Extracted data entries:
=-=-=-=-=

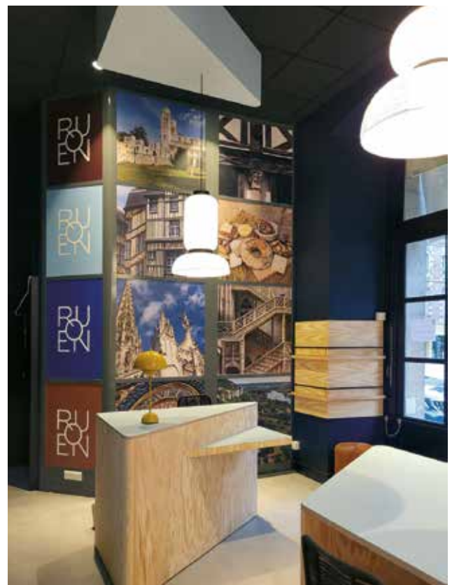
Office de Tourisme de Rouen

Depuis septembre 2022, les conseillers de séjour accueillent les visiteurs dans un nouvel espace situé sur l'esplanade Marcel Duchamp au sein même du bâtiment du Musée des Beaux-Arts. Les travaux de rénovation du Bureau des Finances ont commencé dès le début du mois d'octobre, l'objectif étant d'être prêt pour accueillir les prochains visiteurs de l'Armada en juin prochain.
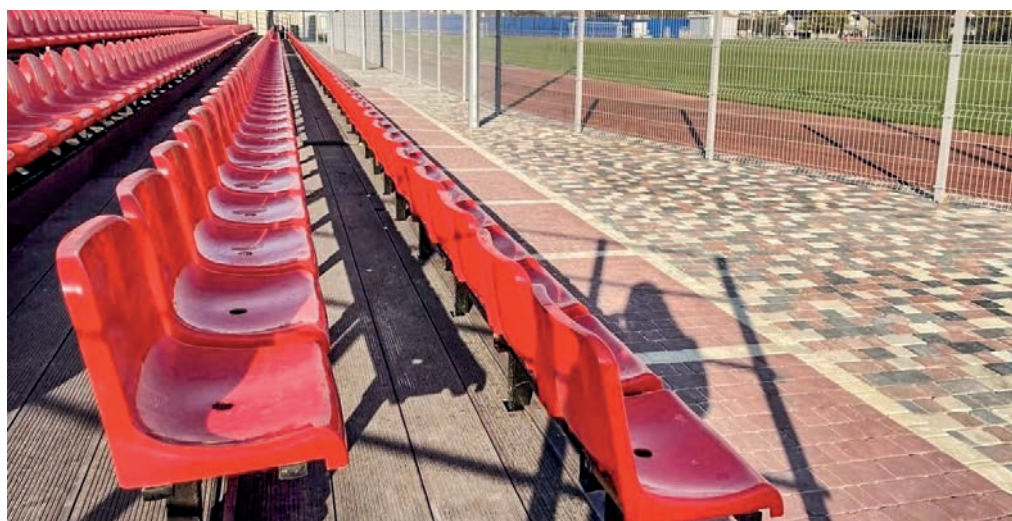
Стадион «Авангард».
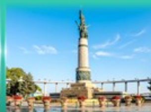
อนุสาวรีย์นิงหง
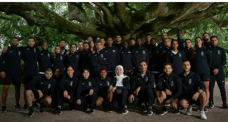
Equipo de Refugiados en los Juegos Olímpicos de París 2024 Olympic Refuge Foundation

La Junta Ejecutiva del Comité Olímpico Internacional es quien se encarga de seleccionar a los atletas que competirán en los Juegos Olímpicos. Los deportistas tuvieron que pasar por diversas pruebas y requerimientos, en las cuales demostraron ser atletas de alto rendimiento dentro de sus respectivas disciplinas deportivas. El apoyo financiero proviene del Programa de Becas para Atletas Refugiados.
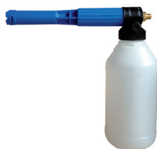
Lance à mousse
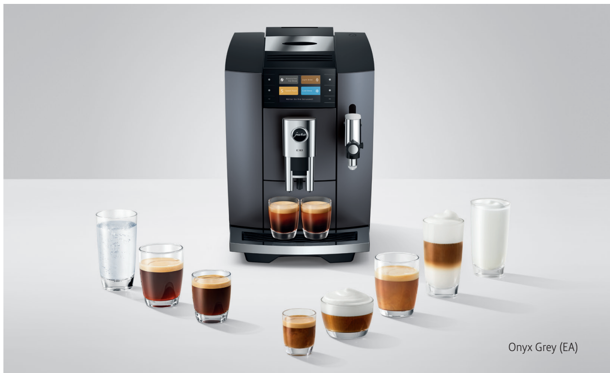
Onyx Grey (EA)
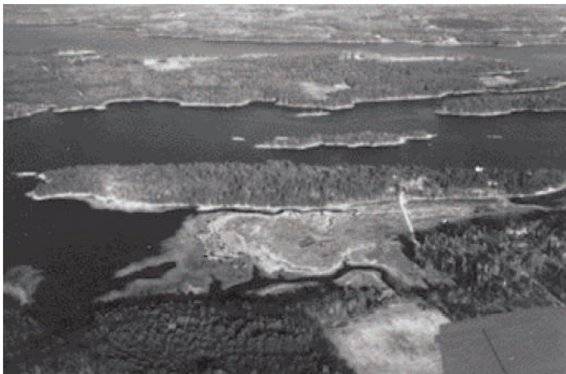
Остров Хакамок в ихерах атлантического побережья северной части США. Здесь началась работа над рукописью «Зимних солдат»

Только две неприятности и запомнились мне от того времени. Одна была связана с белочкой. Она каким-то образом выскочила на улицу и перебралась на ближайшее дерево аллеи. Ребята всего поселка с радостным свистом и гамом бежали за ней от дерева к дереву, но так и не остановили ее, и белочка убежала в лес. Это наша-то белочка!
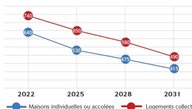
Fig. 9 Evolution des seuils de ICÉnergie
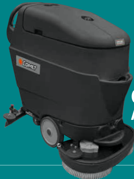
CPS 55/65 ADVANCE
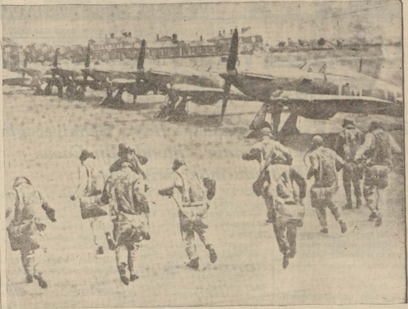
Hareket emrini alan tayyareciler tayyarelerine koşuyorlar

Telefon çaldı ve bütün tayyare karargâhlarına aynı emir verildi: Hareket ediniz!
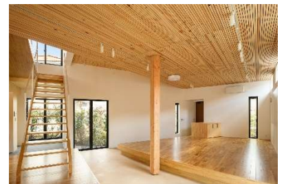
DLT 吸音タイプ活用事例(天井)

=-=-=-=-=

WHAT IS EXPECTED — Copy every entry word for word, but omit the pictures.

RESPONSE BOX —
Office de Tourisme de Rouen

Depuis septembre 2022, les conseillers de séjour accueillent les visiteurs dans un nouvel espace situé sur l'esplanade Marcel Duchamp au sein même du bâtiment du Musée des Beaux-Arts. Les travaux de rénovation du Bureau des Finances ont commencé dès le début du mois d'octobre, l'objectif étant d'être prêt pour accueillir les prochains visiteurs de l'Armada en juin prochain.
Стадион «Авангард».
อนุสาวรีย์นิงหง
Equipo de Refugiados en los Juegos Olímpicos de París 2024 Olympic Refuge Foundation

La Junta Ejecutiva del Comité Olímpico Internacional es quien se encarga de seleccionar a los atletas que competirán en los Juegos Olímpicos. Los deportistas tuvieron que pasar por diversas pruebas y requerimientos, en las cuales demostraron ser atletas de alto rendimiento dentro de sus respectivas disciplinas deportivas. El apoyo financiero proviene del Programa de Becas para Atletas Refugiados.
Lance à mousse
Onyx Grey (EA)
Остров Хакамок в ихерах атлантического побережья северной части США. Здесь началась работа над рукописью «Зимних солдат»

Только две неприятности и запомнились мне от того времени. Одна была связана с белочкой. Она каким-то образом выскочила на улицу и перебралась на ближайшее дерево аллеи. Ребята всего поселка с радостным свистом и гамом бежали за ней от дерева к дереву, но так и не остановили ее, и белочка убежала в лес. Это наша-то белочка!
Fig. 9 Evolution des seuils de ICÉnergie
CPS 55/65 ADVANCE
Hareket emrini alan tayyareciler tayyarelerine koşuyorlar

Telefon çaldı ve bütün tayyare karargâhlarına aynı emir verildi: Hareket ediniz!
DLT 吸音タイプ活用事例(天井)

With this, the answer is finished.